Your assignment ▸ Would you transcribe each entry that follows word for word, minus the images?

═════ Given records

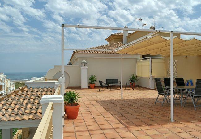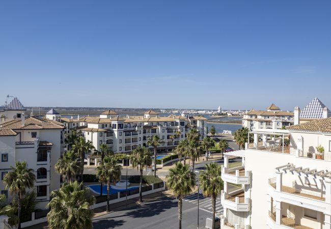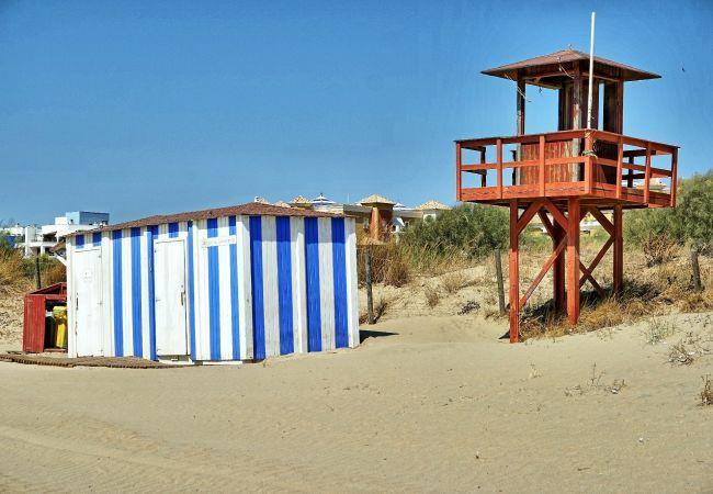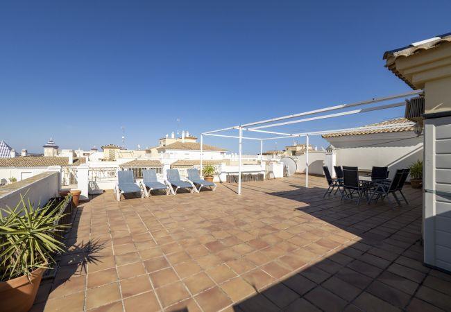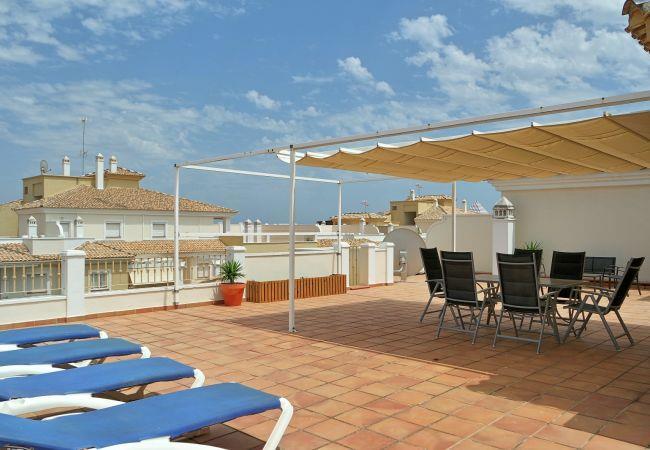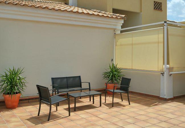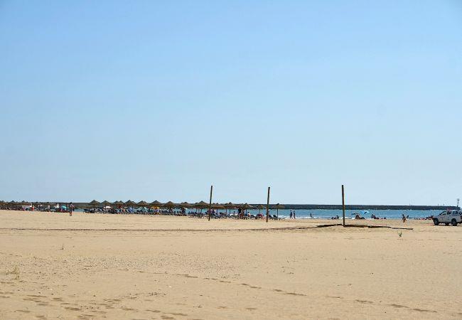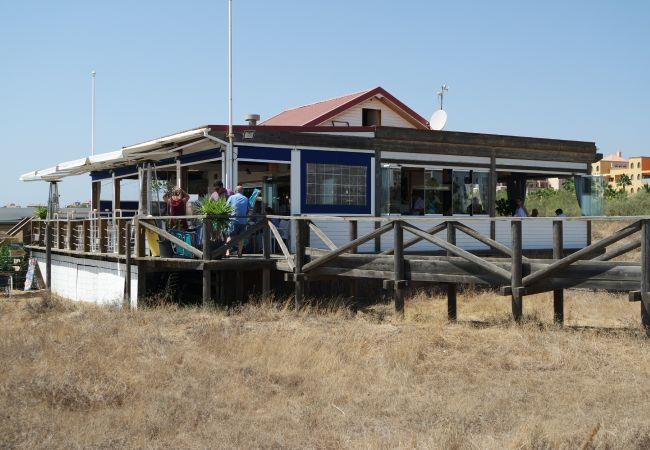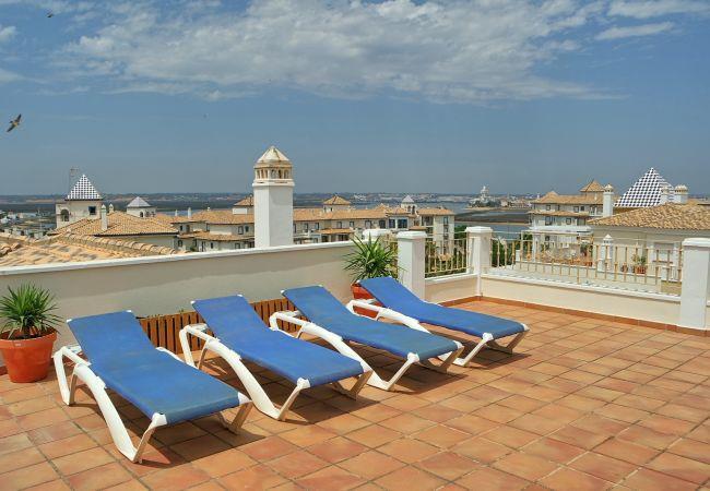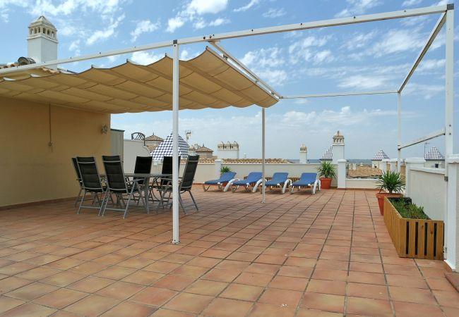 Homelike apartment of 80 m² offers a balcony leading from the living room with a spiral staircase leading to a large terrace on the roof. Located at the beach, It has views to the beach and across to Isla Cristina.
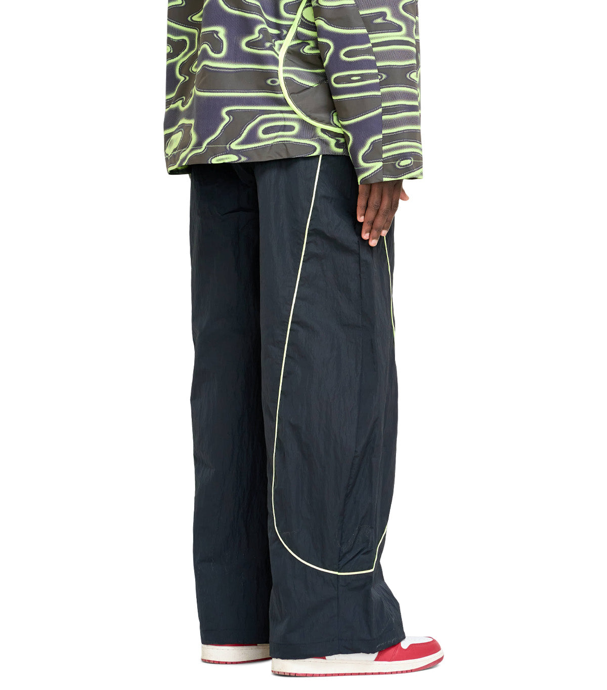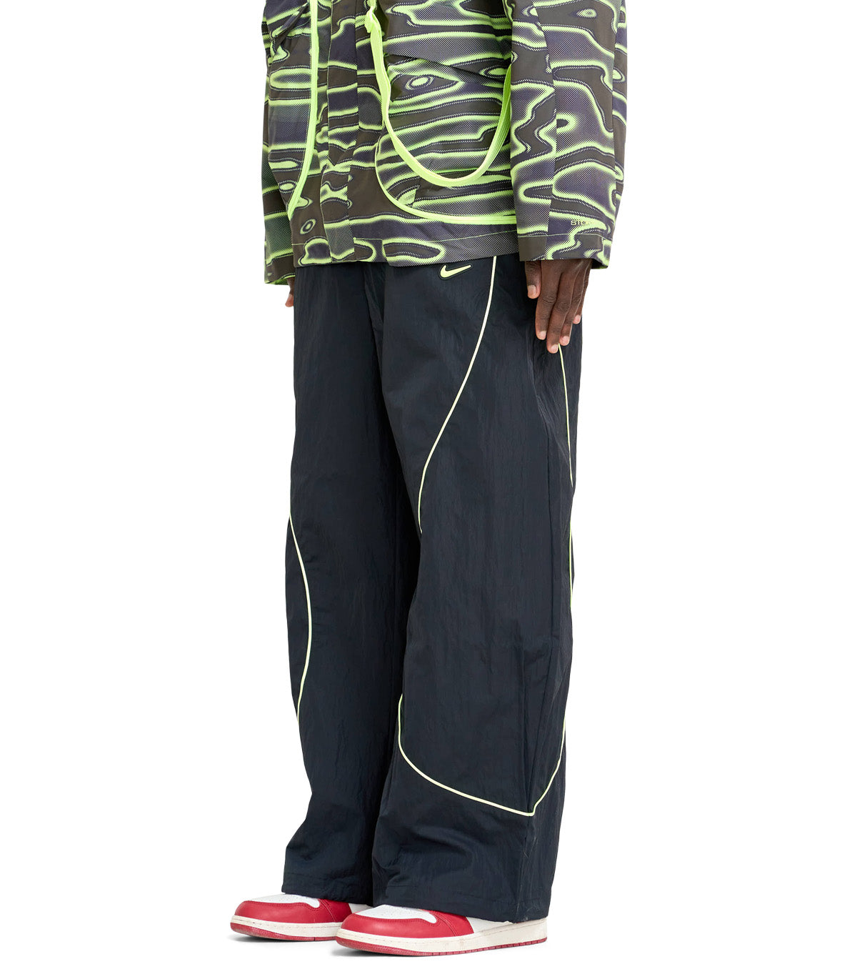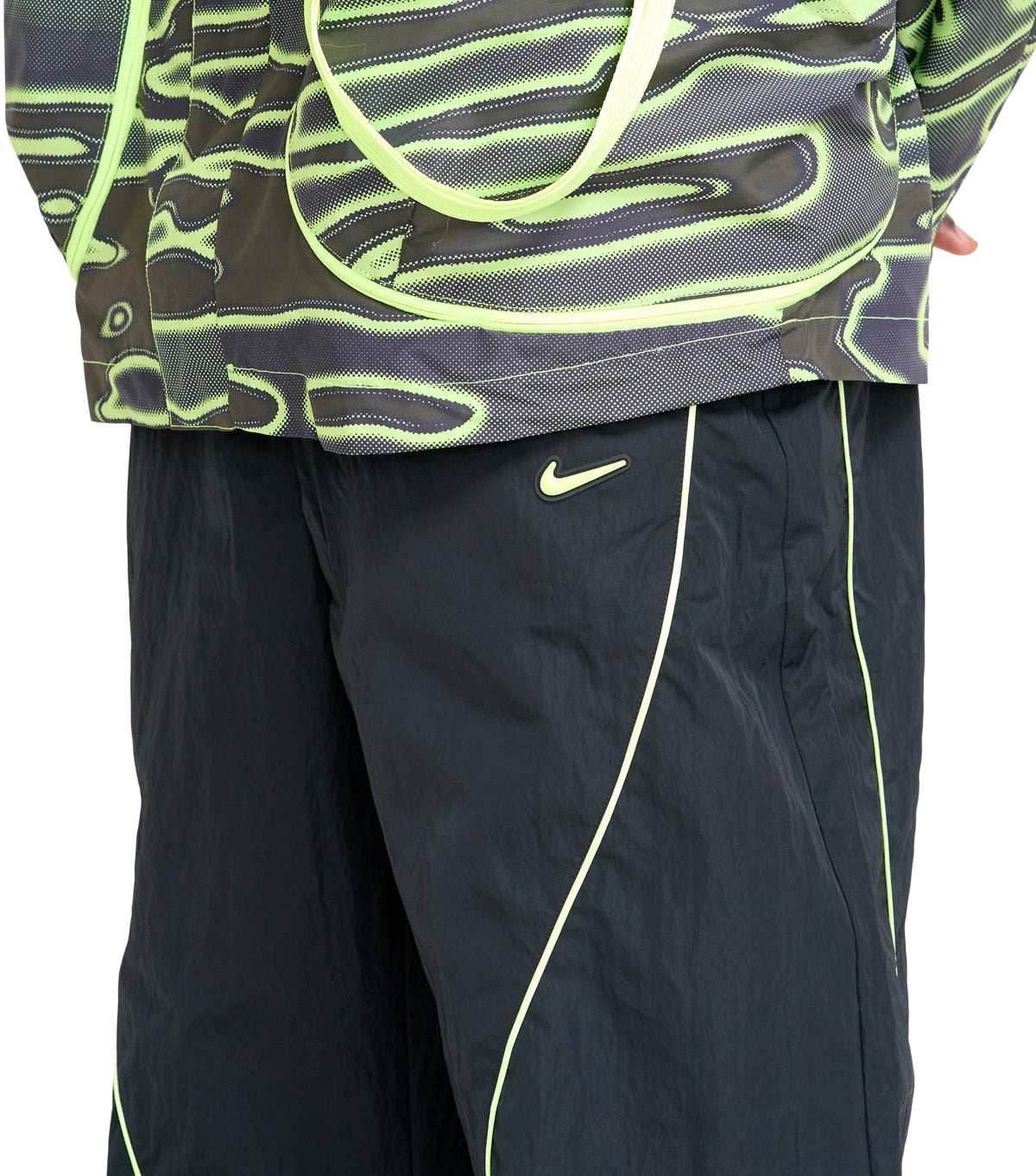 Wide legged pants made from a soft polyester fabric, finished with neon colored piping details going through the front and back of the pockets, a small Nike check detail on the front, and finished with 2 front pockets.
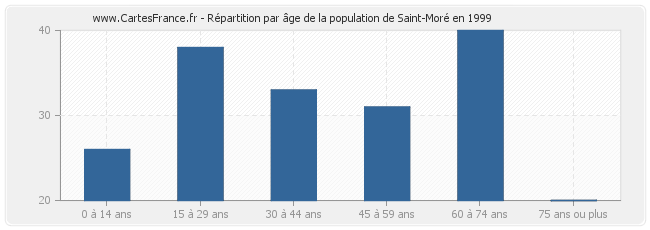 Répartition de la population de Saint-Moré par âge en 1999 :
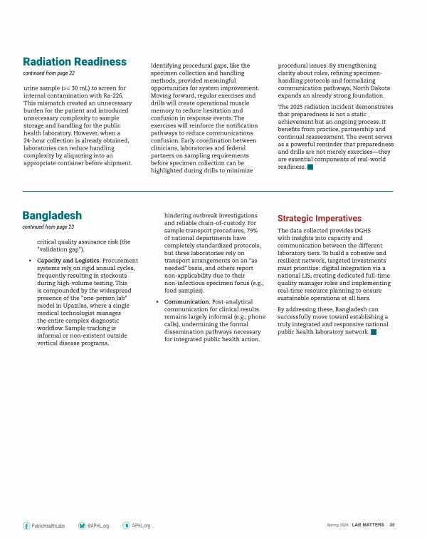 Identifying procedural gaps, like the specimen collection and handling methods, provided meaningful opportunities for system improvement. Moving forward, regular exercises and drills will create operational muscle memory to reduce hesitation and confusion in response events. The exercises will reinforce the notification pathways to reduce communications confusion. Early coordination between clinicians, laboratories and federal partners on sampling requirements before specimen collection can be highlighted during drills to minimize procedural issues. By strengthening clarity about roles, refining specimenhandling protocols and formalizing communication pathways, North Dakota expands an already strong foundation.
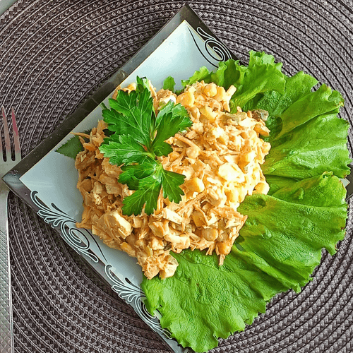 The 'Venice' salad is a harmony of flavors and textures inspired by Russian cuisine. Legend has it that it originated as an experiment combining tender chicken fillet, spicy pickled cucumbers, and pungent garlic. Crispy Korean carrots and juicy corn add freshness and a hint of sweetness, while grated cheese provides creaminess. Dressed with mayonnaise, it becomes truly rich and hearty. This salad is perfect for festive gatherings as well as everyday dinners, impressing guests with its rich flavor palette. It pairs wonderfully with meat dishes and bread, creating an exquisite yet simple treat. Venice is renowned for its beauty and elegance, and this salad inspired by its atmosphere invites enjoyment in every bite.
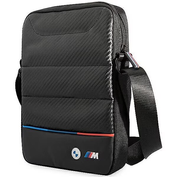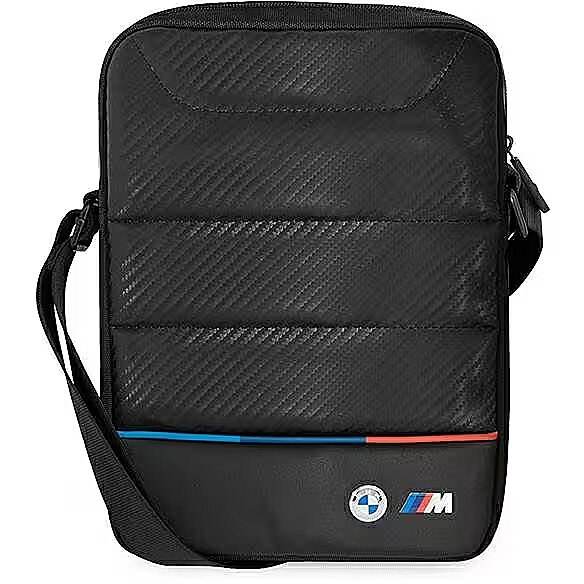 Description - BMW Carbon Tricolour Carbon tablet bag with BMW M Sport logo. Extremely high-quality materials and workmanship provided by BMW. Strap for easy carrying, spacious compartments so you have plenty of space for your tablet and accessories. A bag made of soft fabric that protects your device. Rear zip pocket ideal for storing your phone and small accessories. Product manufactured under license from BMW.
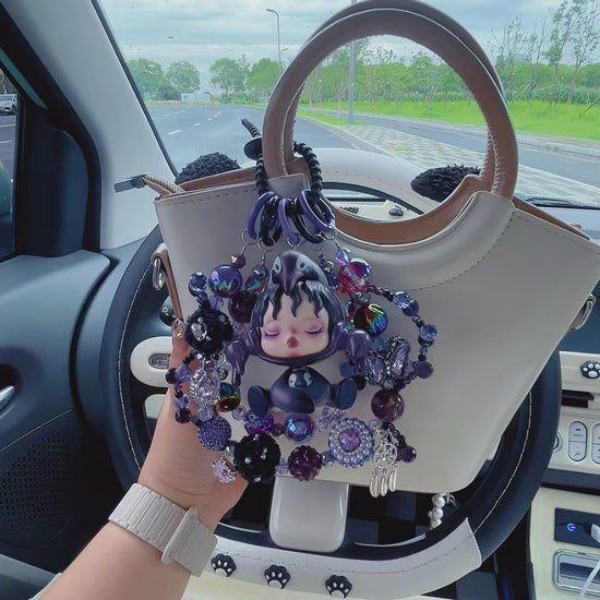 Unleash a wave of edgy - cute vibes every time you step into your car! This Skullpanda Penguin car charm is a total show - stopper. The iconic Skullpanda figure, donned in a mysterious dark - toned outfit with the Penguin element, is encircled by a spellbinding mix of purple, black, and iridescent beads, plus those eye - catching crystal accents and unique pendants. From the intricate flower - like adornments to the delicate butterfly charm, every detail screams “dark fantasy done right”.
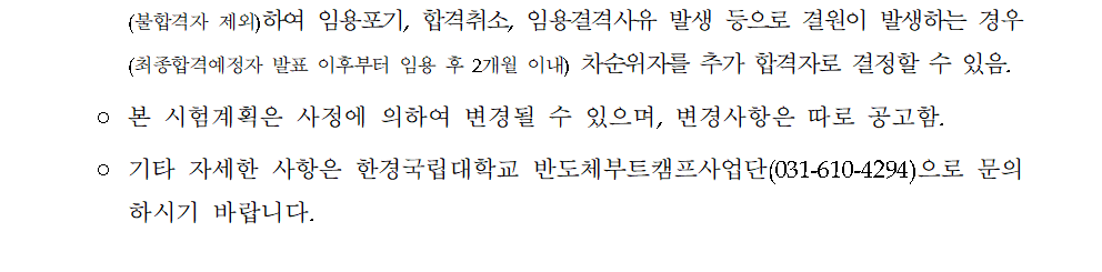 fnctId=bbs,fnctNo=350 단축 url 글번호 90165 [채용공고] 한경국립대학교 산학협력단 반도체 부트캠프사업단 계약직원 신규 채용 작성일 2025.11.13 수정일 2025.11.13 작성자 산학협력단 조회수 866 첨부파일 반도체 부트캠프사업단 기간제계약직 직원 신규 채용 공고문.hwp
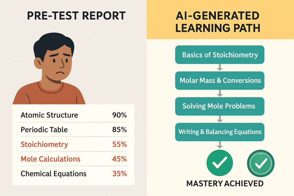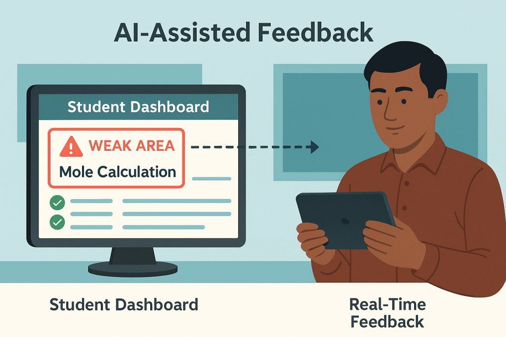 • উদাহরণ: রসায়নে যদি কোনো শিক্ষার্থী বারবার mole calculation ভুল করে, সিস্টেম সেটিকে চিহ্নিত করে শিক্ষককে সতর্ক করবে।

══════════

Your solution ▸
 Homelike apartment of 80 m² offers a balcony leading from the living room with a spiral staircase leading to a large terrace on the roof. Located at the beach, It has views to the beach and across to Isla Cristina.
 Wide legged pants made from a soft polyester fabric, finished with neon colored piping details going through the front and back of the pockets, a small Nike check detail on the front, and finished with 2 front pockets.
 Répartition de la population de Saint-Moré par âge en 1999 :
 Identifying procedural gaps, like the specimen collection and handling methods, provided meaningful opportunities for system improvement. Moving forward, regular exercises and drills will create operational muscle memory to reduce hesitation and confusion in response events. The exercises will reinforce the notification pathways to reduce communications confusion. Early coordination between clinicians, laboratories and federal partners on sampling requirements before specimen collection can be highlighted during drills to minimize procedural issues. By strengthening clarity about roles, refining specimenhandling protocols and formalizing communication pathways, North Dakota expands an already strong foundation.
 The 'Venice' salad is a harmony of flavors and textures inspired by Russian cuisine. Legend has it that it originated as an experiment combining tender chicken fillet, spicy pickled cucumbers, and pungent garlic. Crispy Korean carrots and juicy corn add freshness and a hint of sweetness, while grated cheese provides creaminess. Dressed with mayonnaise, it becomes truly rich and hearty. This salad is perfect for festive gatherings as well as everyday dinners, impressing guests with its rich flavor palette. It pairs wonderfully with meat dishes and bread, creating an exquisite yet simple treat. Venice is renowned for its beauty and elegance, and this salad inspired by its atmosphere invites enjoyment in every bite.
 Description - BMW Carbon Tricolour Carbon tablet bag with BMW M Sport logo. Extremely high-quality materials and workmanship provided by BMW. Strap for easy carrying, spacious compartments so you have plenty of space for your tablet and accessories. A bag made of soft fabric that protects your device. Rear zip pocket ideal for storing your phone and small accessories. Product manufactured under license from BMW.
 Unleash a wave of edgy - cute vibes every time you step into your car! This Skullpanda Penguin car charm is a total show - stopper. The iconic Skullpanda figure, donned in a mysterious dark - toned outfit with the Penguin element, is encircled by a spellbinding mix of purple, black, and iridescent beads, plus those eye - catching crystal accents and unique pendants. From the intricate flower - like adornments to the delicate butterfly charm, every detail screams “dark fantasy done right”.
 fnctId=bbs,fnctNo=350 단축 url 글번호 90165 [채용공고] 한경국립대학교 산학협력단 반도체 부트캠프사업단 계약직원 신규 채용 작성일 2025.11.13 수정일 2025.11.13 작성자 산학협력단 조회수 866 첨부파일 반도체 부트캠프사업단 기간제계약직 직원 신규 채용 공고문.hwp
 • উদাহরণ: রসায়নে যদি কোনো শিক্ষার্থী বারবার mole calculation ভুল করে, সিস্টেম সেটিকে চিহ্নিত করে শিক্ষককে সতর্ক করবে।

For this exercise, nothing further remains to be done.